Are High Elves going to be the next book? I saw this on a forum somewhere but haven't heard anything else since.


----------



## Whizzwang (Dec 31, 2008)

Tomb Kings next I believe.

High Elf book is still fairly new in the grand scheme of things. They're just getting a boat load of new plastics.


----------



## Drax (Sep 19, 2007)

High Elves are just getting a new wave of models in October a bit like Daemons are getting this month - no new book yet, and as Whizzwang says (not a sentence i imagined writing today) Tomb Kings should be next


----------



## Farseer_Iowan (Jun 25, 2010)

Nothing against High Elves but I hope not. To many other Armies/Races need book updates 

Tomb Kings - (rumored to be the next book is this chiseled in stone yet?)
Wood Elf
Bret
Ogre Kindoms
Anything 5th edition or older...


----------



## jigplums (Dec 15, 2006)

no, just new plasticy goodness


----------



## Yochanan (Jul 30, 2010)

Yea, I thought it was strange. I had heard Tomb Kings was next awhile ago. Perhaps they had just mixed it up with information about them getting new models. I'm always stoked on plastics!


----------



## Tim/Steve (Jan 25, 2009)

Tomb Kongs should be out this year, ogres early next... I havent heard anything about any other WFB army releases, but then GW do play things very close to their chests.
I really, really doubt HE will get a new book anytime soon- its simply isnt needed, and while there are armies out there that are several rulesets out of date and suffering badly there shouldnt be any of the 'newer' armies getting re-done.

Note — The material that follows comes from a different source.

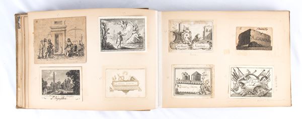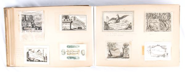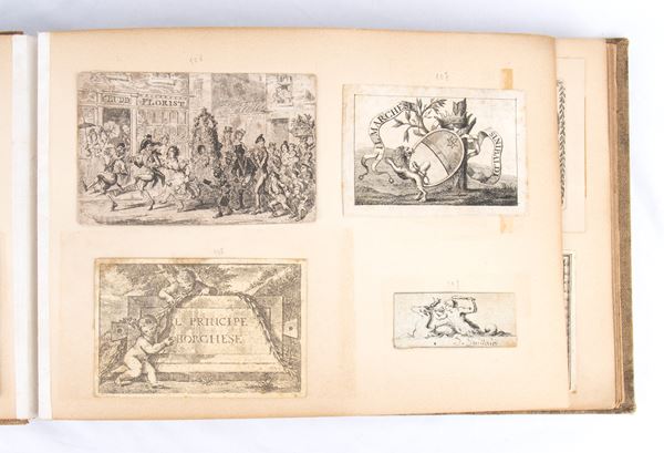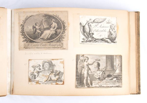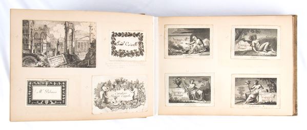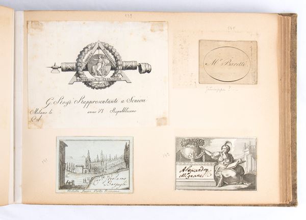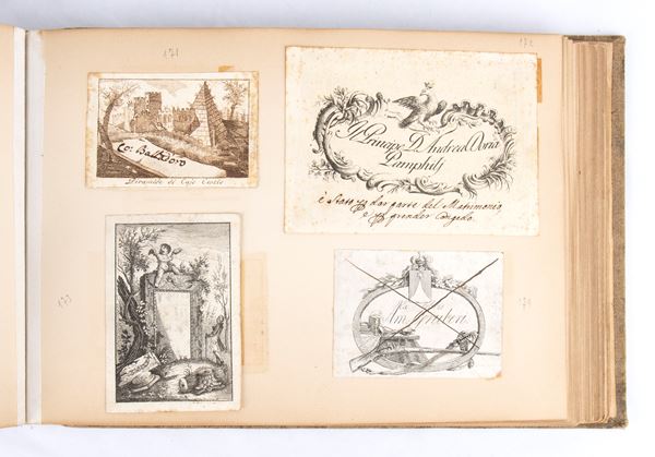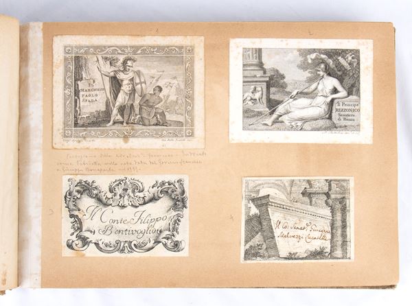 Another album with an important collection of business cards from the late 18th and early 19th century. All made with printed engravings, woodcuts on vintage paper, some with autograph ink inscriptions of the holders represented on the ticket itself.

You might have heard about the october release (possibly september- I forget the date) of Island of Blood... which is a HE release event of a sort- Its the new core game with skaven vs HE with loads of cool new models for each. The best one is the HE prince on griffin (though why anyone would take a griffin over a sun dragon for other then aesthetic reasons is beyond me).


----------



## Drax (Sep 19, 2007)

September is Island, October is more High Elf models


----------



## Bindi Baji (Apr 23, 2009)

Tim/Steve said:


> Tomb Kongs should be out this year, ogres early next


TK will be turning up next year as I understand.
I know zilch about an ogre kingdoms release (this means nothing either way)
and no HE armybook in the near future


----------



## Yochanan (Jul 30, 2010)

No I haven't heard of Island of Blood until now. I'm going to have to check it out, sounds awesome.


----------



## Yochanan (Jul 30, 2010)

Are the Island of Blood models the only new high elf models supposed to be coming out?


----------



## Bindi Baji (Apr 23, 2009)

Yochanan said:


> Are the Island of Blood models the only new high elf models supposed to be coming out?


no, there is a wave release of new models coming in october



Bindi Baji said:


> I know zilch about an ogre kingdoms release (this means nothing either way)


that was true, then :grin:

I've combined your posts- please dont multi-post without reason... its tantamount to spam.
- T/S


----------